• TASK OBJECTIVE: Word for word, transcribe every line below.

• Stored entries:
----
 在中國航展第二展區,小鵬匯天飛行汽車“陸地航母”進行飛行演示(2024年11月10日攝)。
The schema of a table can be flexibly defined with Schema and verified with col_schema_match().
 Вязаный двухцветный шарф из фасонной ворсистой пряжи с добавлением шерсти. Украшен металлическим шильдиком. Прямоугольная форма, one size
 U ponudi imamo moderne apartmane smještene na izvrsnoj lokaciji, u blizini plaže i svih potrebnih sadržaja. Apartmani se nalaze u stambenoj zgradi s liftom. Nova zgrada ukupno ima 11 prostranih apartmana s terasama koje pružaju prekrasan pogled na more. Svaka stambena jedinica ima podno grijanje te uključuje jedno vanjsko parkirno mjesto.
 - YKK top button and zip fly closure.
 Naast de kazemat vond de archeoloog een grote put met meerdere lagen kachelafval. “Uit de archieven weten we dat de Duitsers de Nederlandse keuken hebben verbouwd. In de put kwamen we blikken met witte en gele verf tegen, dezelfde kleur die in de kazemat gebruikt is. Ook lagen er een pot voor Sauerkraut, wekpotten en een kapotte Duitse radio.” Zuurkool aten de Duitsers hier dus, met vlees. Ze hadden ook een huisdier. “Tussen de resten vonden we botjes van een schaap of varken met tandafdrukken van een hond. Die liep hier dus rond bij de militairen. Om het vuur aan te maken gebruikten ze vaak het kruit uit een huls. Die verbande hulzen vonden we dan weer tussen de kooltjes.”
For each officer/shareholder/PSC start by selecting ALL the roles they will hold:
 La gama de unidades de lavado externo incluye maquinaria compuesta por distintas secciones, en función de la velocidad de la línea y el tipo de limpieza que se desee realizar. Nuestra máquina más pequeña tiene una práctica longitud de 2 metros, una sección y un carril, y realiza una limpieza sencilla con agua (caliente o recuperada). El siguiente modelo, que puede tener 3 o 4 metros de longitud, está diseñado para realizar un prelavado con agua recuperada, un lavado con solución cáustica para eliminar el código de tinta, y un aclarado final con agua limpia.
----
• RESPONSE TO THE EXERCISE:
 在中國航展第二展區,小鵬匯天飛行汽車“陸地航母”進行飛行演示(2024年11月10日攝)。
The schema of a table can be flexibly defined with Schema and verified with col_schema_match().
 Вязаный двухцветный шарф из фасонной ворсистой пряжи с добавлением шерсти. Украшен металлическим шильдиком. Прямоугольная форма, one size
 U ponudi imamo moderne apartmane smještene na izvrsnoj lokaciji, u blizini plaže i svih potrebnih sadržaja. Apartmani se nalaze u stambenoj zgradi s liftom. Nova zgrada ukupno ima 11 prostranih apartmana s terasama koje pružaju prekrasan pogled na more. Svaka stambena jedinica ima podno grijanje te uključuje jedno vanjsko parkirno mjesto.
 - YKK top button and zip fly closure.
 Naast de kazemat vond de archeoloog een grote put met meerdere lagen kachelafval. “Uit de archieven weten we dat de Duitsers de Nederlandse keuken hebben verbouwd. In de put kwamen we blikken met witte en gele verf tegen, dezelfde kleur die in de kazemat gebruikt is. Ook lagen er een pot voor Sauerkraut, wekpotten en een kapotte Duitse radio.” Zuurkool aten de Duitsers hier dus, met vlees. Ze hadden ook een huisdier. “Tussen de resten vonden we botjes van een schaap of varken met tandafdrukken van een hond. Die liep hier dus rond bij de militairen. Om het vuur aan te maken gebruikten ze vaak het kruit uit een huls. Die verbande hulzen vonden we dan weer tussen de kooltjes.”
For each officer/shareholder/PSC start by selecting ALL the roles they will hold:
 La gama de unidades de lavado externo incluye maquinaria compuesta por distintas secciones, en función de la velocidad de la línea y el tipo de limpieza que se desee realizar. Nuestra máquina más pequeña tiene una práctica longitud de 2 metros, una sección y un carril, y realiza una limpieza sencilla con agua (caliente o recuperada). El siguiente modelo, que puede tener 3 o 4 metros de longitud, está diseñado para realizar un prelavado con agua recuperada, un lavado con solución cáustica para eliminar el código de tinta, y un aclarado final con agua limpia.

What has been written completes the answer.